Oftentimes in mathematics, there is more than one way to solve a problem. Using problem-solving strategies can help you approach problems in a structured and logical manner to improve your efficiency.

**Problem-solving strategies** are models based on previous experience that provide a recommended approach for solving problems or analyzing potential solutions.

Problem-solving strategies involve steps like understanding, planning, and organizing, for example. While problem-solving strategies cannot guarantee an easier solution to a problem, they do provide techniques and tools that act as a guide for success.

## Types of problem-solving models and strategies

Many models and strategies are developed based on the nature of the problem at hand. In this article, we discuss two well-known models that are designed to address various types of problems, including:

**Polya's four-step problem-solving model****IDEAL problem-solving model**

Let's look at these two models in detail.

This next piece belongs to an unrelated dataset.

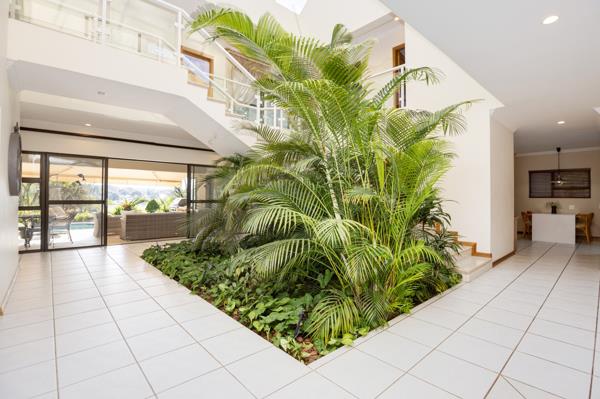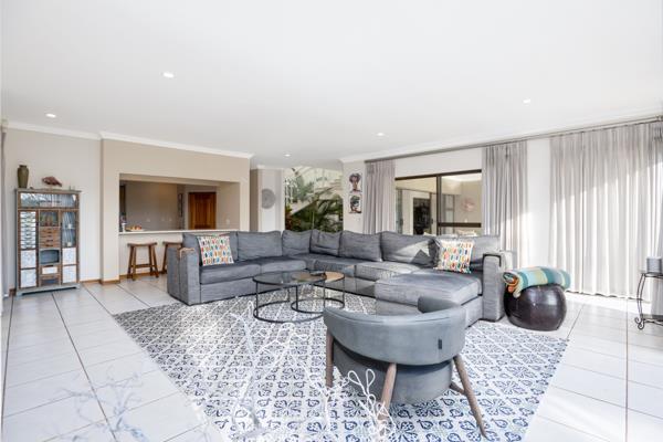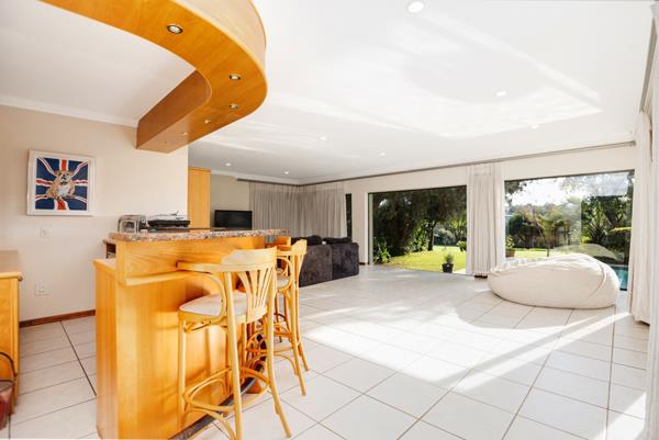 Entering into a double volume foyer with atrium and sky light, the interior flows easily to the generous sized entertainment areas and patio. A formal lounge include a fitted light-wood cocktail bar and flows onto the exterior spaces. Spacious formal dining room. Family lounge with serving hatch onto the superb kitchen. The eat-in kitchen is the heart of the home with caesar stone tops, gas hob, eye-level oven and stylish wooden cupboards for storage. Separate scullery with and laundry room with space for 3 appliances.

A mathematician named George Polya developed a model called the Polya four-step problem-solving model to approach and solve various kinds of problems. This method has the following steps:

**Understand the problem****Devise a plan****Carry out the plan****Look back**

John Bransford and Barry Stein also proposed a five-step model named IDEAL to resolve a problem with a sound and methodical approach. The IDEAL model is based on the following steps:

**Identify The Problem****Define An Outcome****Explore Possible Strategies****Anticipate Outcomes & Act****Look And Learn**

Using either of these two models to help you identify and approach problems methodically can help make it easier to solve them.

## Polya's four-step problem-solving model

Polya's four-step problem-solving model can be used to solve day-to-day problems as well as mathematical and other academic problems. As seen briefly, the steps of this problem-solving model include: understanding the problem, creating and carrying out a plan, and looking back. Let's look at these steps in more detail to understand how they are used.

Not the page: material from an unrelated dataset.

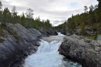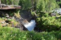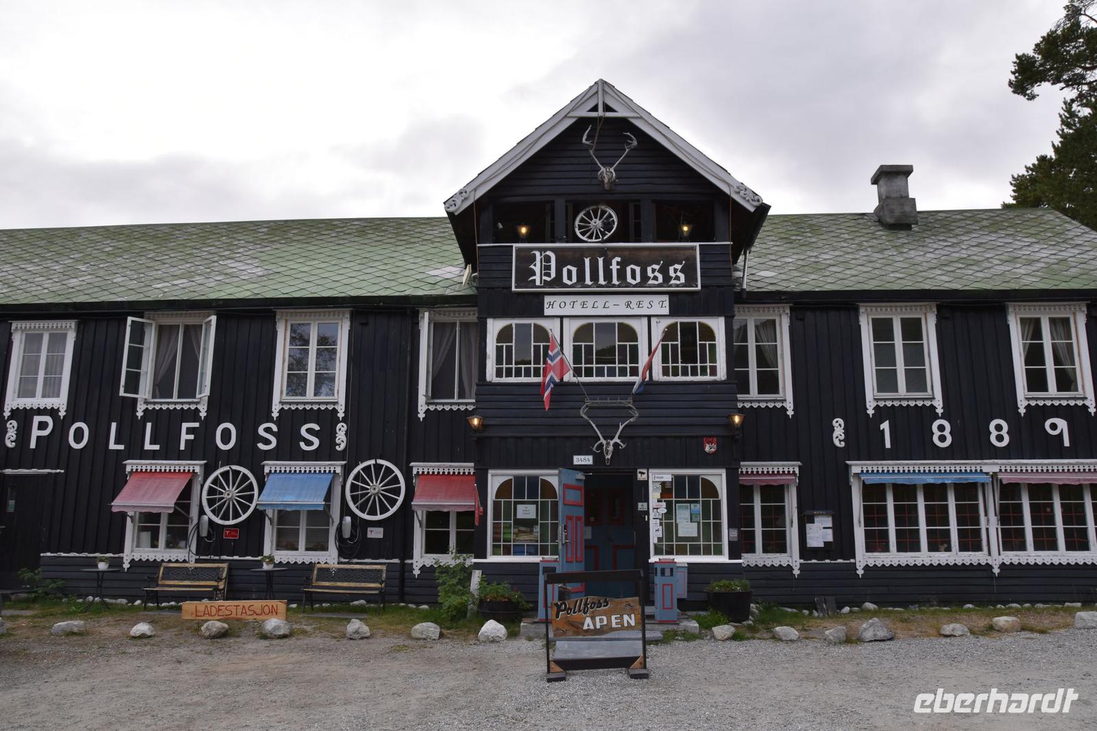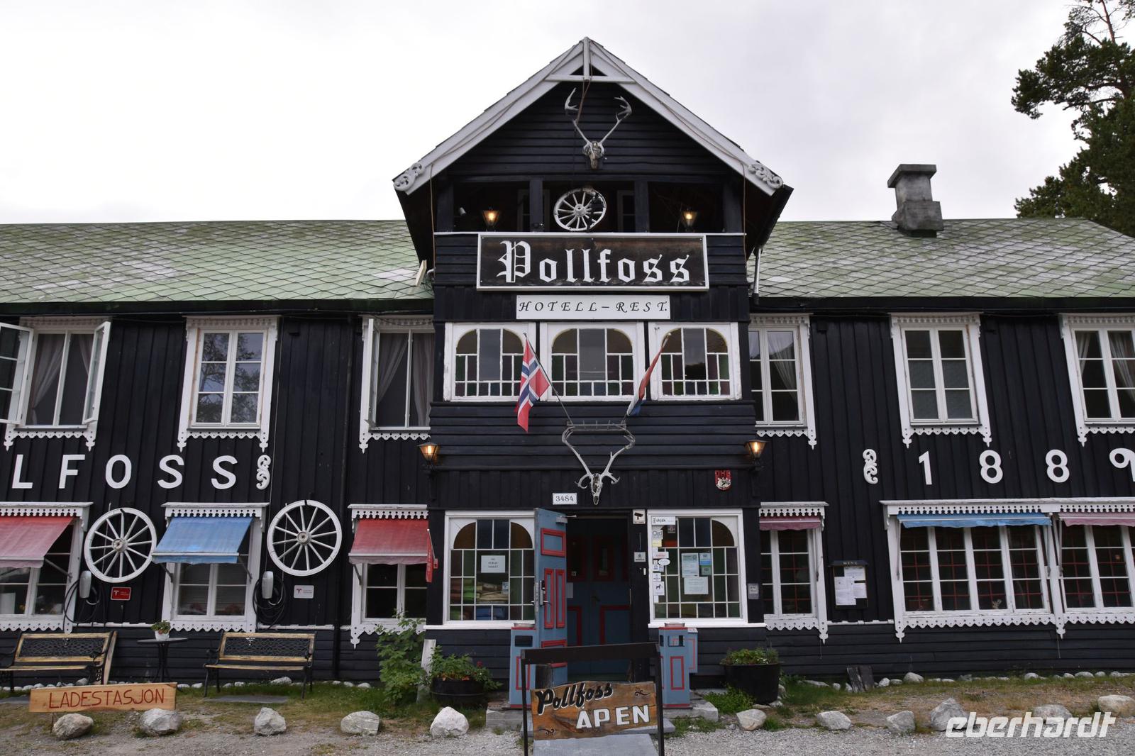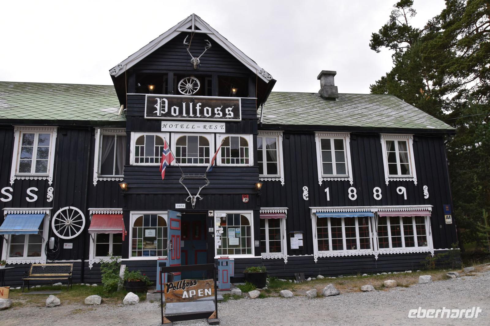 Von Lom fahren entlang des Flusses wieder hinauf bis Wasserfall Pollfossen, neben dem unser traditionelles Hotel "Pollfoss" steht.

### Understand the problem

This is a critical initial step. Simply put, if you don't fully understand the problem, you won't be able to identify a solution. You can understand a problem better by reviewing all of the inputs and available information, including its conditions and circumstances. Reading and understanding the problem helps you to organize the information as well as assign the relevant variables.

The following techniques can be applied during this problem-solving step:

Read the problem out loud to process it better.

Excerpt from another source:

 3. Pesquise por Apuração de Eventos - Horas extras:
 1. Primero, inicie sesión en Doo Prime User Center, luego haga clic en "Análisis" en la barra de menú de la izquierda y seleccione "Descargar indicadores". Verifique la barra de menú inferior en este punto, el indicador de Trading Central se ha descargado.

List or summarize the important information to find out what is given and what is still missing.

Sketch a detailed diagram as a visual aid, depending on the problem.

Visualize a scenario about the problem to put it into context.

Use keyword analysis to identify the necessary operations (i.e., pay attention to important words and phrases such as "how many," "times," or "total").

### Devise a plan

Now that you have taken the time to properly understand the problem, you can devise a plan on how to proceed further to solve it. During this second step, you identify what strategy to follow to arrive at a solution. When considering a strategy to use, it's important to consider exactly what it is that you want to know.

Some problem-solving strategies include:

Identify the pattern from the given information and use it.

Use the guess-and-check method.

Work backward by using potential answers.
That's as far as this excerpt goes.